Cbr17bingo Migrant (bingo) The main character has moved from her native Palestine to the US
The Coin is narrated by an unnamed main character, a woman maybe in her 30s who left Palestine for New York City but has an uncomfortable relationship with the city and its people. She is telling her story to someone. Is she talking to another unnamed person? To us? To herself? The narrator is fascinating, intelligent woman of wealth and taste, but she also a few neuroses that make her perhaps unreliable. The Coin is her account of a year she spent teaching at a private boys’ school, but it is also about her traumatic childhood and its impact on her life as an adult.
The narrator’s life revolves around three things: cleanliness, her relationships with two men, and her position as a teacher at a boys school in Manhattan. Her obsession with cleanliness involves bizarre multi-step rituals.

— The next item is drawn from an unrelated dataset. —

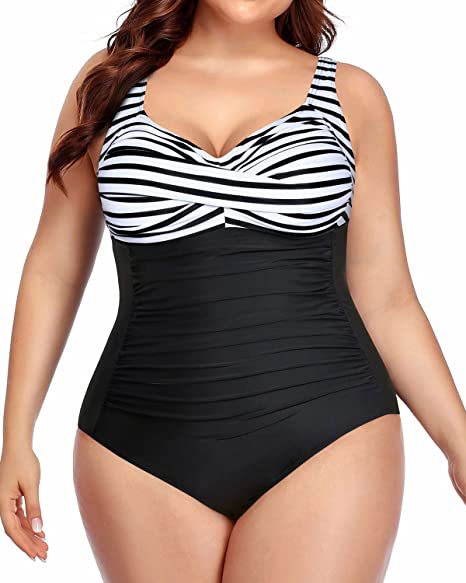 유럽 및 미국 여성 플러스 사이즈 원피스 수영복 슬림 핏 배꼽 치기 수영복 레이스 업 로우 컷 V 넥 수영복 전용 국경

She thinks New York is the filthiest place on earth and seems disgusted by just about everything there. She has very strict rules about personal hygiene, housecleaning and laundry, but the personal hygiene rules are the most involved. The narrator is obsessed with the spot on her back that she cannot reach and is convinced that a coin that she swallowed as a child is lodged in her body in that spot she cannot reach. The story of that coin is related to a specific childhood trauma. Later in the book the reader learns more about generational trauma in Palestine.
The narrator lives alone and has no real friends. She is not terribly close to her co-workers at the school. She does have a rich lover named Sasha and later befriends a seemingly homeless but well dressed man whom she dubs “Trenchcoat.” The narrator has freedom, which she prizes. She is not tied down, but she is also looking for some sort of direction or support from the two men in her life. She needs them on her own terms and both men seem comfortable with that situation, for a while anyway.
The narrator teaches middle-school-aged boys at a private school but many of her students come from less privileged backgrounds. She got the job because of a family connection to the school’s principal, Aisha, not because she has any particular skill or training to be a teacher. And her methods are unorthodox to say the least. She is secretive about what doing in classroom, telling lies about herself, exposing the students to questionable influences, and encouraging them to do things like write exposes about their own families (making up details as necessary). The narrator knows what she encourages is wrong, which is why she hides the assignment books and never sends them home with the boys. The narrator is impressed with herself and thinks she is encouraging the boys to be strong and independent while missing red flags about the problematic behavior of some of them.
After a winter break spent in Paris with Trenchcoat, where they engage in a black market Birkin bag ring, the narrator’s life starts unraveling bit by bit. There is a strange and spectacular breakdown in all aspects of her life. This is one of those novels where I know I am not understanding everything I think I’m supposed to understand, and frankly a lot of what I read made me uncomfortable. The narrator is a very strange woman whose mental state is sometimes alarming. I was by turns fascinated and repulsed by her story. I can’t say I enjoyed the novel but it was interesting.